In this example, the configuration allows a maximum of 4 new connections per minute, with a burst capacity of 4 connections.

### Example 2: Rate Limiting for External Services

```yaml
apiVersion: networking.istio.io/v1alpha3
kind: EnvoyFilter
metadata:
name: external-service-ratelimit
namespace: default
spec:
workloadSelector:
labels:
app: client-app
configPatches:
- applyTo: NETWORK_FILTER
match:
context: SIDECAR_OUTBOUND
listener:
portNumber: 443
filterChain:
filter:
name: envoy.filters.network.tcp_proxy
subFilter:
name: envoy.filters.network.rbac
patch:
operation: INSERT_BEFORE
value:
name: envoy.filters.network.local_ratelimit
typed_config:
"@type": type.googleapis.com/envoy.extensions.filters.network.local_ratelimit.v3.LocalRateLimit
stat_prefix: external_rate_limit
token_bucket:
max_tokens: 10
tokens_per_fill: 10
fill_interval: 60s
```

This example limits outbound connections to an external service to 10 connections per minute.

## Testing Rate Limiting

You can use tools like `fortio` or `wrk` to generate connection load and test your rate limiting configuration.

### Testing Steps

1. Deploy an application with rate limiting configured:

```bash
# Apply the example configuration from the examples directory
kubectl apply -f https://raw.githubusercontent.com/kmesh-net/kmesh/main/website/docs/application-layer/examples/rate-limit-example.yaml
```

2. Generate traffic that exceeds your rate limit:

```bash
fortio load -c 10 -qps 20 -t 60s http://<service-ip>:<port>/
```

3. Observe the rate limiting behavior in the service logs:

```bash
kubectl logs -f <pod-name> | grep "rate limit"
```

You should see some connections being rejected once the rate limit is reached.

## Monitoring Rate Limiting

Kmesh provides metrics for monitoring rate limiting behavior:

- Number of connections allowed
- Number of connections rejected due to rate limiting
- Current token bucket levels

You can view these metrics through the Kmesh monitoring interface or export them to your monitoring system.

## Best Practices

1. **Start with conservative limits**: Begin with lower limits and gradually increase them based on observed behavior.

2. **Consider burst patterns**: Set `max_tokens` appropriately to handle expected burst traffic.

3. **Monitor and adjust**: Regularly review rate limiting metrics and adjust settings as needed.

4. **Layer rate limiting**: Consider applying rate limits at multiple levels (e.g., per client, per service) for more granular control.

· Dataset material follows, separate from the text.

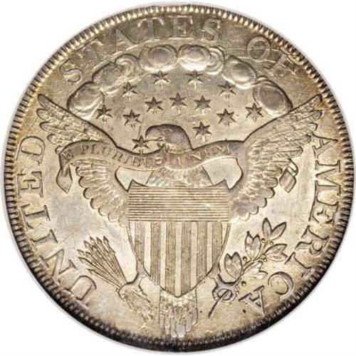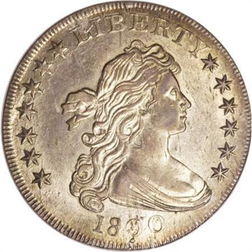 <B>1800 $1 Dotted Date AU58 NGC.</B></I> B-14, BB-194, R.3. Bowers-Borckardt Die State IV with a panoply of spindly die cracks. The "Dotted Date" has long been separately listed in the Guide Book, and is immediately identified by prominent die chips near the first 0 in the date. <BR> The present piece ranks among the finest known examples. Light golden-red toning visits the borders, and the high points are gunmetal-gray. Luster dominates all but the open fields and Liberty's cheek and neck. There are uncommonly few abrasions, and none that can be listed even for pedigree purposes. In 1993, Q. David Bowers (1993) wrote, "most known examples of 1800 BB-194 are in lower grades. In Mint State, the issue is a major rarity." NGC BB-194 Census: 2 in 58, 1 finer (3/08).<BR><I>From The Queller Family Collection of Silver Dollars.</B></I><BR><BR><b>Shipping:</b> Coins & Currency (<a target="_blank" href="http://www.heritageauctions.com/common/shipping.php">view shipping information</a>)
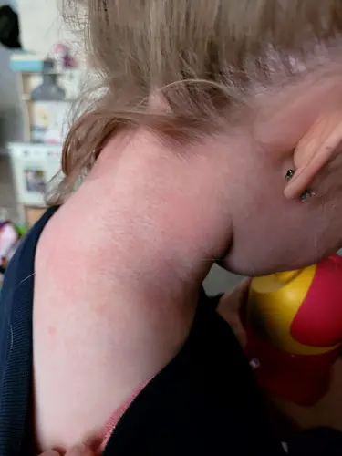 Maar de uitslag zit nu over haar gehele lichaam met zo hier en daar flinke blaasjes. Ze heeft een flinke onstoken keel sinds gister ook vol met blaasjes die erg pijnlijk zijn en op haar gehemelte allemaal rode puntjes. Ze hoest nog enorm veel en heeft koorts.

5. **Test under load**: Validate your rate limiting configuration under realistic load conditions.

## Troubleshooting

If rate limiting is not working as expected:

1. **Verify configuration**: Ensure your EnvoyFilter is correctly configured and applied:

```bash
kubectl get envoyfilter
kubectl describe envoyfilter <name>
```

2. **Check Kmesh build**: Verify that your Kmesh build includes rate limiting support (built with `feature_ratelimit` tag).

3. **Examine logs**: Look for rate limiting related logs in the Kmesh logs:

```bash
kubectl logs -f <kmesh-pod> | grep "rate limit"
```

4. **Check connections**: Use tools like `netstat` or `ss` to verify connection states and counts.

5. **Validate token bucket settings**: Ensure your `max_tokens`, `tokens_per_fill`, and `fill_interval` values are appropriate for your use case.

## Conclusion

Rate limiting in Kmesh provides an efficient way to protect your services from excessive traffic directly at the kernel level. By properly configuring rate limits, you can ensure service stability and availability even under high load conditions.